**EXERCISE PROMPT**.
Set every record down again exactly. Do not carry over the pictures.

RECORDS PROVIDED section start

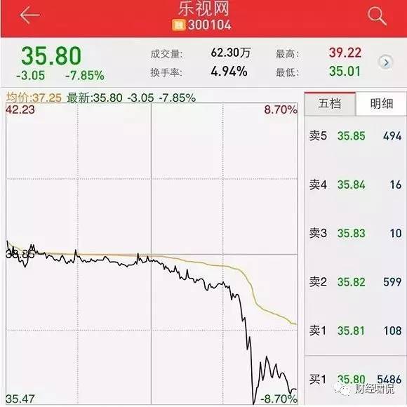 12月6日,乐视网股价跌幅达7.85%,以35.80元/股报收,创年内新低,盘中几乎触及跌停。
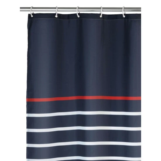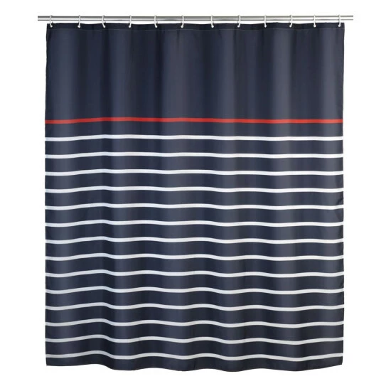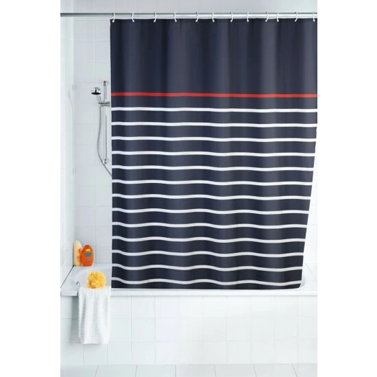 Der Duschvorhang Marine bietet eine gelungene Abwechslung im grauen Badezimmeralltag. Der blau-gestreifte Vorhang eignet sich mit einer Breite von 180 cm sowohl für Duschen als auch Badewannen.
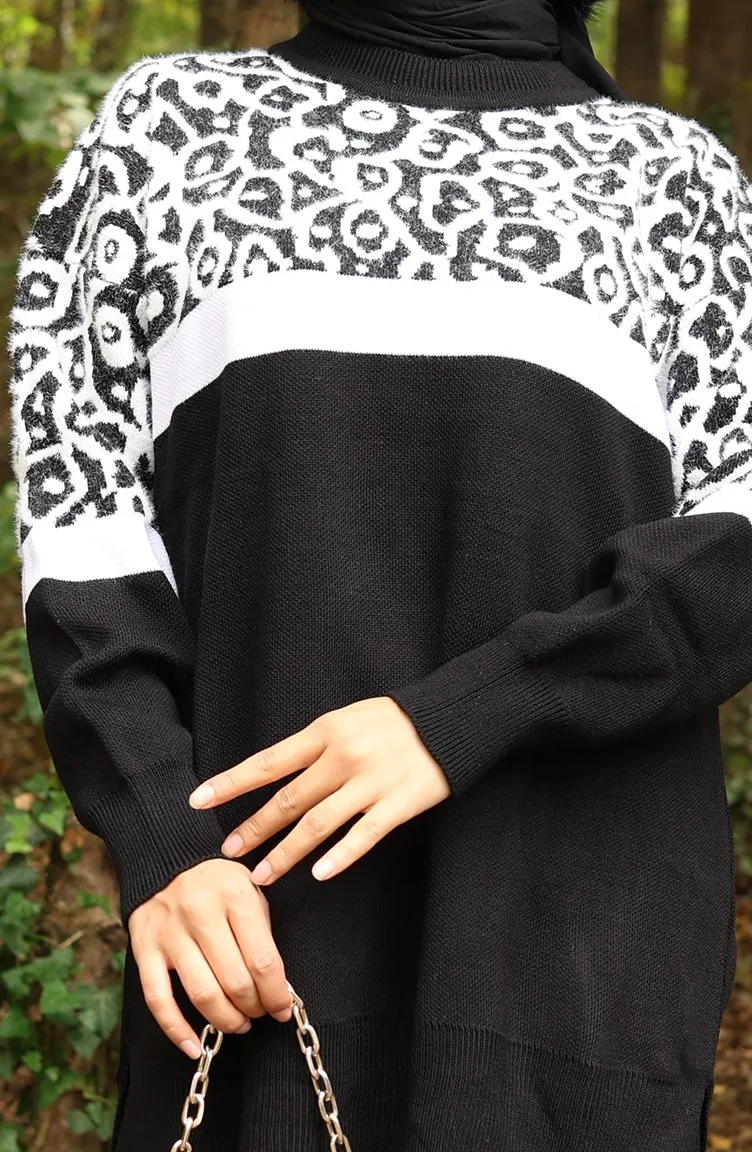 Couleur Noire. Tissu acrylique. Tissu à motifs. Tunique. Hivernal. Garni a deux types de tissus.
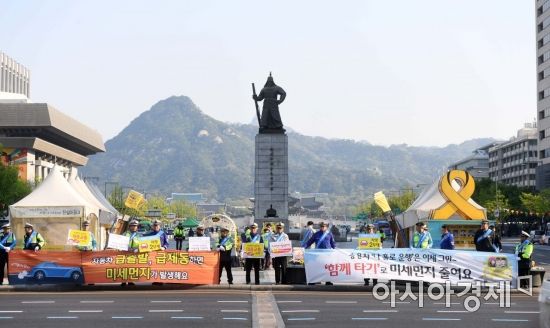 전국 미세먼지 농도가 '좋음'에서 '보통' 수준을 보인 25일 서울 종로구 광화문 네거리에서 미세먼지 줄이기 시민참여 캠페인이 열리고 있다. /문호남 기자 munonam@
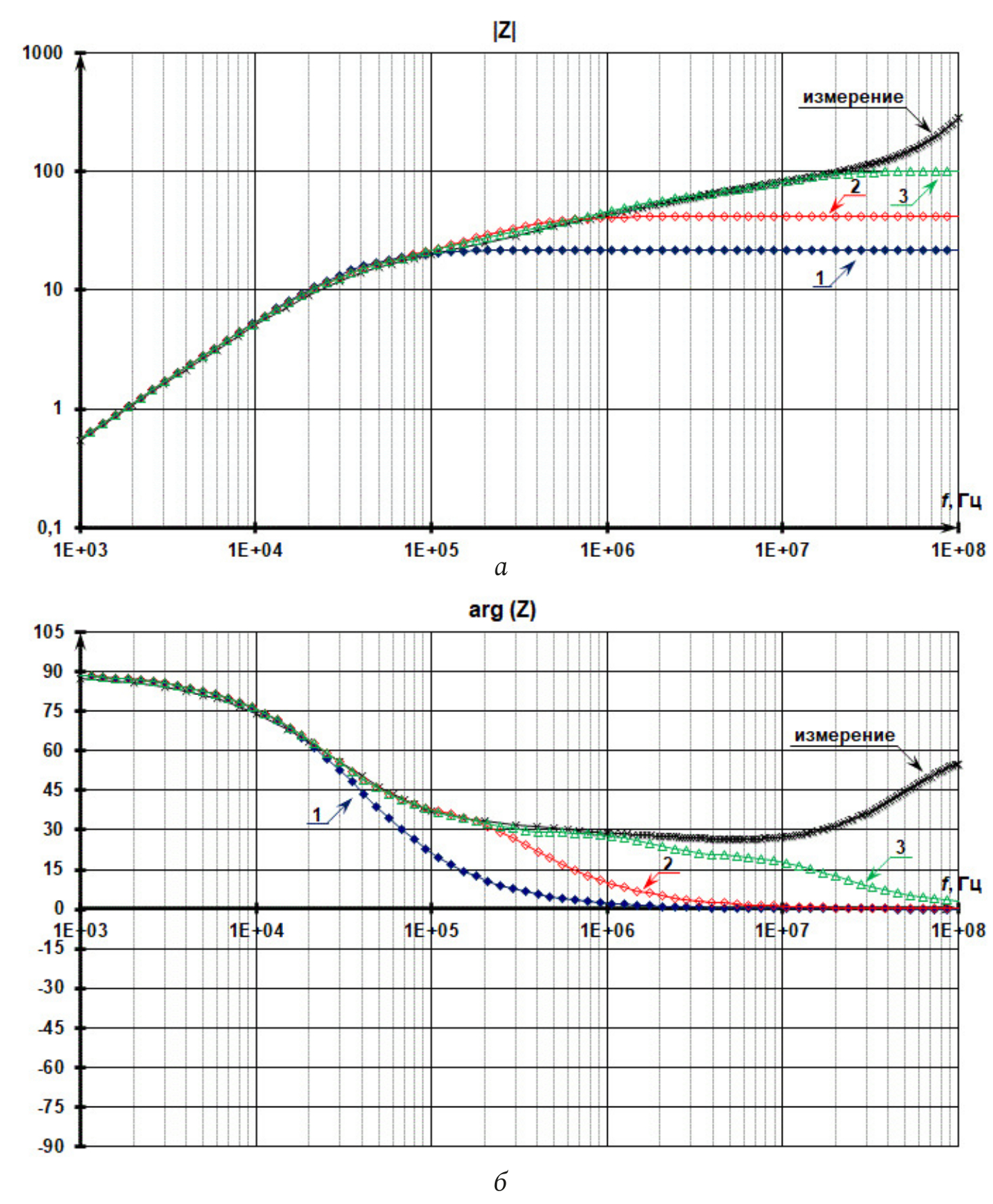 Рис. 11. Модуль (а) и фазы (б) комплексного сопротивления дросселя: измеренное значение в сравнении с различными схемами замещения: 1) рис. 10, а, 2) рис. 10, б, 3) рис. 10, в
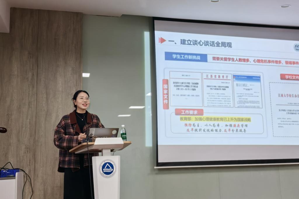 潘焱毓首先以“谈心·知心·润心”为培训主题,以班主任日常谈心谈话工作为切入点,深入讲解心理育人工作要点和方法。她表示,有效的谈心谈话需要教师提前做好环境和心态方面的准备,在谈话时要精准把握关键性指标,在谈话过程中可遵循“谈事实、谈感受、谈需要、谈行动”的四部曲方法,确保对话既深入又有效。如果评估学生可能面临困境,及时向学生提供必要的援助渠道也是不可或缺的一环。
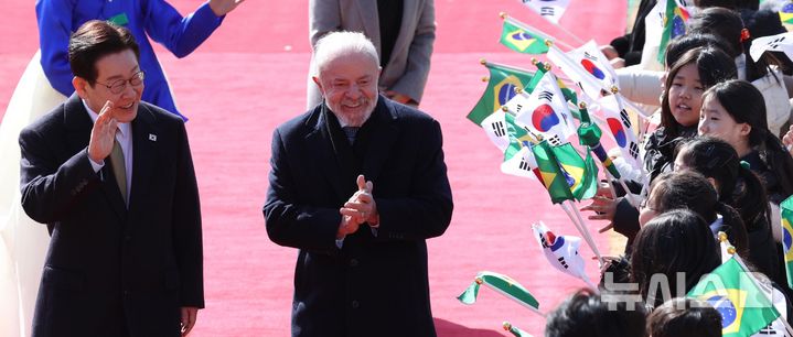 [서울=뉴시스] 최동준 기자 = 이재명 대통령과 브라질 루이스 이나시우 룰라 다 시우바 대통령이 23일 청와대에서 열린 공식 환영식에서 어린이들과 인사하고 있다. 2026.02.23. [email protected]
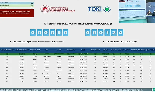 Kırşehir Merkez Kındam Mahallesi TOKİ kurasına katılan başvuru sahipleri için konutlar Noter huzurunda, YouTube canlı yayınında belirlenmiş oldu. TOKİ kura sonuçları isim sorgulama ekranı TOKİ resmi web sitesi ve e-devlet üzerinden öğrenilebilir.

RECORDS PROVIDED section end

**RESULT OF THIS EXERCISE**.
 12月6日,乐视网股价跌幅达7.85%,以35.80元/股报收,创年内新低,盘中几乎触及跌停。
 Der Duschvorhang Marine bietet eine gelungene Abwechslung im grauen Badezimmeralltag. Der blau-gestreifte Vorhang eignet sich mit einer Breite von 180 cm sowohl für Duschen als auch Badewannen.
 Couleur Noire. Tissu acrylique. Tissu à motifs. Tunique. Hivernal. Garni a deux types de tissus.
 전국 미세먼지 농도가 '좋음'에서 '보통' 수준을 보인 25일 서울 종로구 광화문 네거리에서 미세먼지 줄이기 시민참여 캠페인이 열리고 있다. /문호남 기자 munonam@
 Рис. 11. Модуль (а) и фазы (б) комплексного сопротивления дросселя: измеренное значение в сравнении с различными схемами замещения: 1) рис. 10, а, 2) рис. 10, б, 3) рис. 10, в
 潘焱毓首先以“谈心·知心·润心”为培训主题,以班主任日常谈心谈话工作为切入点,深入讲解心理育人工作要点和方法。她表示,有效的谈心谈话需要教师提前做好环境和心态方面的准备,在谈话时要精准把握关键性指标,在谈话过程中可遵循“谈事实、谈感受、谈需要、谈行动”的四部曲方法,确保对话既深入又有效。如果评估学生可能面临困境,及时向学生提供必要的援助渠道也是不可或缺的一环。
 [서울=뉴시스] 최동준 기자 = 이재명 대통령과 브라질 루이스 이나시우 룰라 다 시우바 대통령이 23일 청와대에서 열린 공식 환영식에서 어린이들과 인사하고 있다. 2026.02.23. [email protected]
 Kırşehir Merkez Kındam Mahallesi TOKİ kurasına katılan başvuru sahipleri için konutlar Noter huzurunda, YouTube canlı yayınında belirlenmiş oldu. TOKİ kura sonuçları isim sorgulama ekranı TOKİ resmi web sitesi ve e-devlet üzerinden öğrenilebilir.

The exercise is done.